# [Required work]
Starting at the line below that contains "peluche chien marron" and ending at the line that contains "喜报传佳音、荣光耀家门。3月", retype each line exactly as it stands, but omit the pictures.

# [Dataset records]
^^^^^^^^

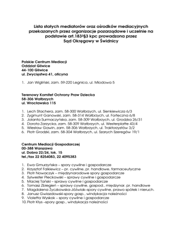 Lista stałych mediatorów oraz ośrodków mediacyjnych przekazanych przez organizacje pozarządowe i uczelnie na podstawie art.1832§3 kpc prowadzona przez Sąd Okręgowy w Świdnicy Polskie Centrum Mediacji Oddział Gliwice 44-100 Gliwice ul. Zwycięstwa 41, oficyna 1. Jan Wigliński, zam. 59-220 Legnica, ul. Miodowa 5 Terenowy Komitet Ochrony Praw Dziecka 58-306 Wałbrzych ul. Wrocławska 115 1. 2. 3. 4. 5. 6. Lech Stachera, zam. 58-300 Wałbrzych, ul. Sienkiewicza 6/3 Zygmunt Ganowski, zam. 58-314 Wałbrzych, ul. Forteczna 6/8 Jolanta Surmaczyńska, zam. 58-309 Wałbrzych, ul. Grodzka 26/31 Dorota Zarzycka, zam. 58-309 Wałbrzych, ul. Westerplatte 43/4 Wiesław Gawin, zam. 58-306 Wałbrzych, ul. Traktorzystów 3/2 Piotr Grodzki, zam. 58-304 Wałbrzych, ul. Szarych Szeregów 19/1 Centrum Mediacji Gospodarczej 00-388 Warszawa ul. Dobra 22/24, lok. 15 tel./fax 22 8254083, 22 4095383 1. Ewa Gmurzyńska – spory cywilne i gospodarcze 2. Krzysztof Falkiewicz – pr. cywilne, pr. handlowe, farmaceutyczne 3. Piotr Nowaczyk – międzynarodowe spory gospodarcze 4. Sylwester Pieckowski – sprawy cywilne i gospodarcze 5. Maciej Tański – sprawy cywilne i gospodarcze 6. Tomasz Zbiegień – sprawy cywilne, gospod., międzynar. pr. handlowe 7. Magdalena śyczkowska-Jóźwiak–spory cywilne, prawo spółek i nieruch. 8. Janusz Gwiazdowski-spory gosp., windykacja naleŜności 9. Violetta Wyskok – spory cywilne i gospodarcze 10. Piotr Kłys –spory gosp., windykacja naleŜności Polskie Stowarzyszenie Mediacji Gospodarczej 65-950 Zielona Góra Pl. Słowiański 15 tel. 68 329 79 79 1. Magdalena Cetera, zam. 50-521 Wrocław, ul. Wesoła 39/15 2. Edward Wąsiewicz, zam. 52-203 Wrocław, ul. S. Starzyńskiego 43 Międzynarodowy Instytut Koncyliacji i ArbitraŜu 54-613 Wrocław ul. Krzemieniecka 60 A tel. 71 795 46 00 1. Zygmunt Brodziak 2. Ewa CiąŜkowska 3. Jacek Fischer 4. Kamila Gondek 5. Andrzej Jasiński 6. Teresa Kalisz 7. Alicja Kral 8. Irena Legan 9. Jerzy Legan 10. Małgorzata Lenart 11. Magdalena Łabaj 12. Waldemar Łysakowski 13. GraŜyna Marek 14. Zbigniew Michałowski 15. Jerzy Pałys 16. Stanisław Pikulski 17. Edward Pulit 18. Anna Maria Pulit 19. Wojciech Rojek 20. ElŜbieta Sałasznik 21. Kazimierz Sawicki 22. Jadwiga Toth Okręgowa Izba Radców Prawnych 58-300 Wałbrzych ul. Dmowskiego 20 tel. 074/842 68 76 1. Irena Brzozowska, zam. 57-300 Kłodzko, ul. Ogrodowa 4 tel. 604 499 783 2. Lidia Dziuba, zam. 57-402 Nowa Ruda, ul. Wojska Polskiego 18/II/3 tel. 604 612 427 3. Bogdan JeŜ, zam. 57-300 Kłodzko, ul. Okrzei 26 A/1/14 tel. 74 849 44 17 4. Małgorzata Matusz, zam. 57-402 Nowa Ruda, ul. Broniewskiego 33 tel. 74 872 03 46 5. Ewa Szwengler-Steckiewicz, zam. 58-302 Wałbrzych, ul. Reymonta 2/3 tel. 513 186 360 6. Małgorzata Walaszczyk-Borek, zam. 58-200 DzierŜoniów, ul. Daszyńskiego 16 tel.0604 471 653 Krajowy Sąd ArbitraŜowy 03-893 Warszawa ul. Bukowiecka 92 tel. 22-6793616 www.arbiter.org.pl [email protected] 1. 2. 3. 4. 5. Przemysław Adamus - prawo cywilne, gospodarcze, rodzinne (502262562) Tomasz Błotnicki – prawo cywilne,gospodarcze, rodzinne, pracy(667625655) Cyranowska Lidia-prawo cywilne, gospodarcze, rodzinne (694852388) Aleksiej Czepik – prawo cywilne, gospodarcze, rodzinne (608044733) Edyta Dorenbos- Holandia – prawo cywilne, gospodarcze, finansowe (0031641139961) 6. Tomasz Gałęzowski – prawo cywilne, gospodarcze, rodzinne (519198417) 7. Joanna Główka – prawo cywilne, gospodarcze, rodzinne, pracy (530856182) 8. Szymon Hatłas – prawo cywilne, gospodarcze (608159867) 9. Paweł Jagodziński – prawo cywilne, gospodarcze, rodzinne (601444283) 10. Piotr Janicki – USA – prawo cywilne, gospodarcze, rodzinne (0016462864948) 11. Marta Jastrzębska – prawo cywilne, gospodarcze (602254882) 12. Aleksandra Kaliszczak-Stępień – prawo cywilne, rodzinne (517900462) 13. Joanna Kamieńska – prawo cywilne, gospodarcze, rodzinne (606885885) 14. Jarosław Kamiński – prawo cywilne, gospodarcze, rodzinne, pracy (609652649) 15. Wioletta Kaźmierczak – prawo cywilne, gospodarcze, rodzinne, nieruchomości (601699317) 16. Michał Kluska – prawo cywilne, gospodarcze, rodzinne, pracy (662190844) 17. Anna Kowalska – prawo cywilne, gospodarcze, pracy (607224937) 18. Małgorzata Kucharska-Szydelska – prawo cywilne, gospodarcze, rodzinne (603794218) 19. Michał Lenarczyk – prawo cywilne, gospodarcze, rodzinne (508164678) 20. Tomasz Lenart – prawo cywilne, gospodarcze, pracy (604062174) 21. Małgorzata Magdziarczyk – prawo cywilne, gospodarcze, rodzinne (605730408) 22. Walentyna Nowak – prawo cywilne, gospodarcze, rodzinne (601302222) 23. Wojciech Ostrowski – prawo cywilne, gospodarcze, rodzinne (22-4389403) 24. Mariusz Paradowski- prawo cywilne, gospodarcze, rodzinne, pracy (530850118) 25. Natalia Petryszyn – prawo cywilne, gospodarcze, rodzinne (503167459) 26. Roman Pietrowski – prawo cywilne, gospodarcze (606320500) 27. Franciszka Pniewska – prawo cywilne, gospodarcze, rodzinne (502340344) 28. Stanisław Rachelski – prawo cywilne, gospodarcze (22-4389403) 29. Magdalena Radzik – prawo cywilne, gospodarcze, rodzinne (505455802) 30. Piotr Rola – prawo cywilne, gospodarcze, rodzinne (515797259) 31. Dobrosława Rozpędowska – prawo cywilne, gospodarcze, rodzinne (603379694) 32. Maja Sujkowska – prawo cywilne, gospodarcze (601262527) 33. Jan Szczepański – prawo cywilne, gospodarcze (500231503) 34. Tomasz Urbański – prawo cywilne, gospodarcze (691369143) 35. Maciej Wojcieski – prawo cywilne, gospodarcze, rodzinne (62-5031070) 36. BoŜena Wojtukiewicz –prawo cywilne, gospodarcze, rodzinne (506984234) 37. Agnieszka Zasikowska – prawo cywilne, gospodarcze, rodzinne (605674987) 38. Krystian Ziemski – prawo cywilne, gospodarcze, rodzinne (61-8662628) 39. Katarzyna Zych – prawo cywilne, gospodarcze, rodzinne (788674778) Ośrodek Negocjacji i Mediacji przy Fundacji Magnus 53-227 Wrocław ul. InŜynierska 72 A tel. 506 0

^^^^^^^^

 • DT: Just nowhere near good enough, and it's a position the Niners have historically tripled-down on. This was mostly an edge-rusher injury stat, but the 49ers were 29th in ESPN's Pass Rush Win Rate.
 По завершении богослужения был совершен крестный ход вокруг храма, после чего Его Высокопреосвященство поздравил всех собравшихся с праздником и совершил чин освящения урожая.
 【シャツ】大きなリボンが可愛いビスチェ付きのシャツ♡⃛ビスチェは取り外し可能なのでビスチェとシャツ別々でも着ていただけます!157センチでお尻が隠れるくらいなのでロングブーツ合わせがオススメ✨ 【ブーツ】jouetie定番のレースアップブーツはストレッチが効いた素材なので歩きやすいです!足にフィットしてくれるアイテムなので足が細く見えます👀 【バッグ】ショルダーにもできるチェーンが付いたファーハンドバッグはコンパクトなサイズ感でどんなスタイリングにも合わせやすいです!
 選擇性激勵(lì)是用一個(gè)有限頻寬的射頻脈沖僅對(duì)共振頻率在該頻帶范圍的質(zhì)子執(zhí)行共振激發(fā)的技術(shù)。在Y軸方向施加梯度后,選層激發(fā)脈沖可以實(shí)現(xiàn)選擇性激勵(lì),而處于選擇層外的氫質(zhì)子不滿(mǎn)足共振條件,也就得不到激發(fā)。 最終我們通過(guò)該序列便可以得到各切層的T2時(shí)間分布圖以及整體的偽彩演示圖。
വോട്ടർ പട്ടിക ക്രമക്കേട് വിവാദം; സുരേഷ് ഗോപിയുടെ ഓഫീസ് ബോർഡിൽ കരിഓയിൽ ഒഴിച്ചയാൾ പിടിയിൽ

^^^^^^^^

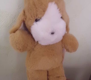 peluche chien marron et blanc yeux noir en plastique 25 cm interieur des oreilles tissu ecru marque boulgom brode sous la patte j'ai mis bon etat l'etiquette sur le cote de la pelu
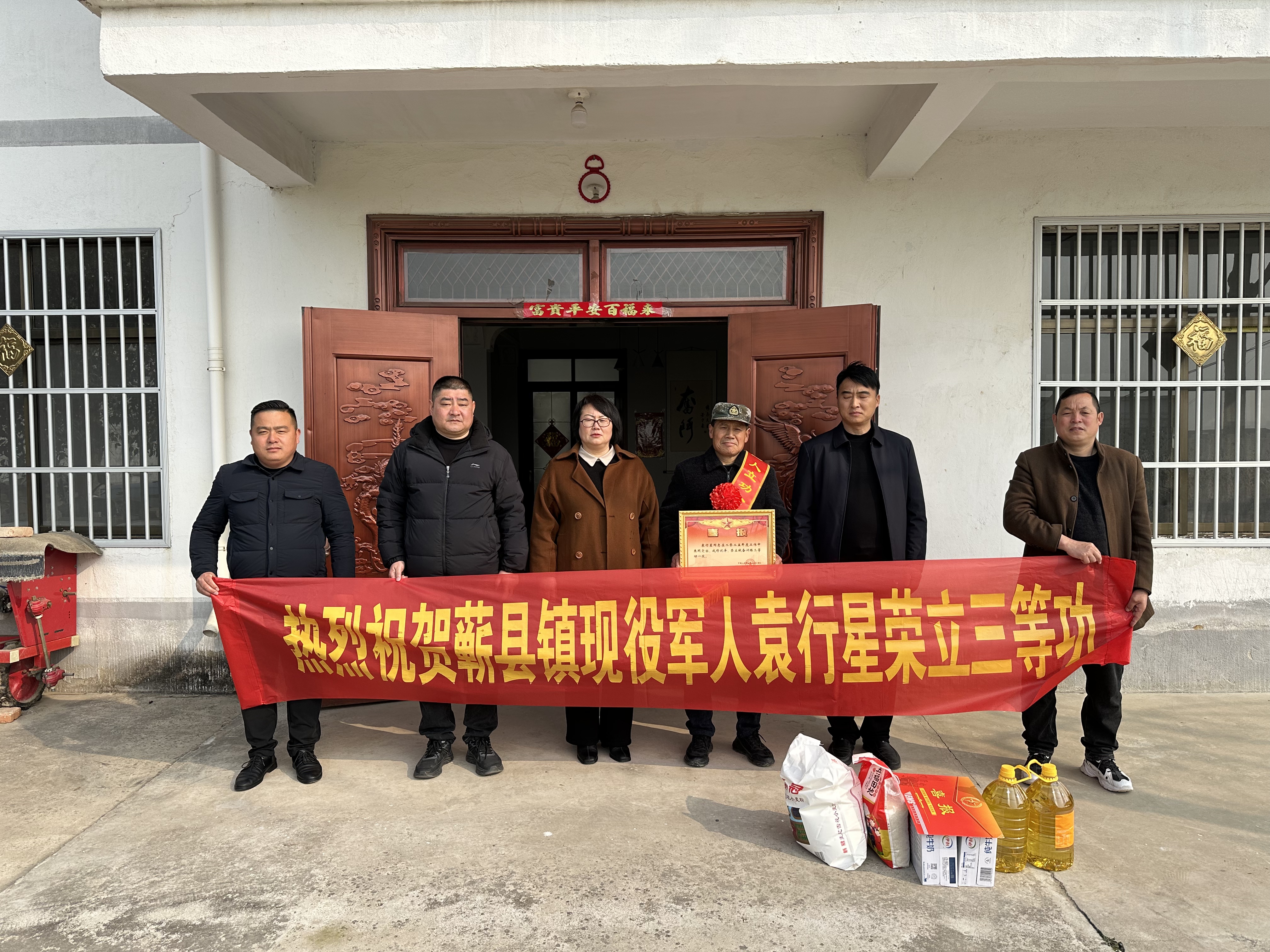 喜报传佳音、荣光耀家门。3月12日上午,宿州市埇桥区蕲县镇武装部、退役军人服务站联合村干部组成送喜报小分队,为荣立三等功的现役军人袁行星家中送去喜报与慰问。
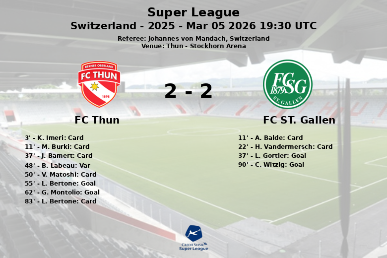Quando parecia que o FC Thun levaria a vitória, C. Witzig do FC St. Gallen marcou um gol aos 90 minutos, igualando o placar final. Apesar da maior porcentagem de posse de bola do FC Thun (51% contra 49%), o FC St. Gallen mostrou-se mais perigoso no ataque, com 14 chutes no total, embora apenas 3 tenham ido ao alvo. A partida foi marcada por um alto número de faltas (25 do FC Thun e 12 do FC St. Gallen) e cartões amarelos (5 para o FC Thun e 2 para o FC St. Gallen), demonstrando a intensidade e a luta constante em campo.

^^^^^^^^

# [Response to the task]
 peluche chien marron et blanc yeux noir en plastique 25 cm interieur des oreilles tissu ecru marque boulgom brode sous la patte j'ai mis bon etat l'etiquette sur le cote de la pelu
 喜报传佳音、荣光耀家门。3月12日上午,宿州市埇桥区蕲县镇武装部、退役军人服务站联合村干部组成送喜报小分队,为荣立三等功的现役军人袁行星家中送去喜报与慰问。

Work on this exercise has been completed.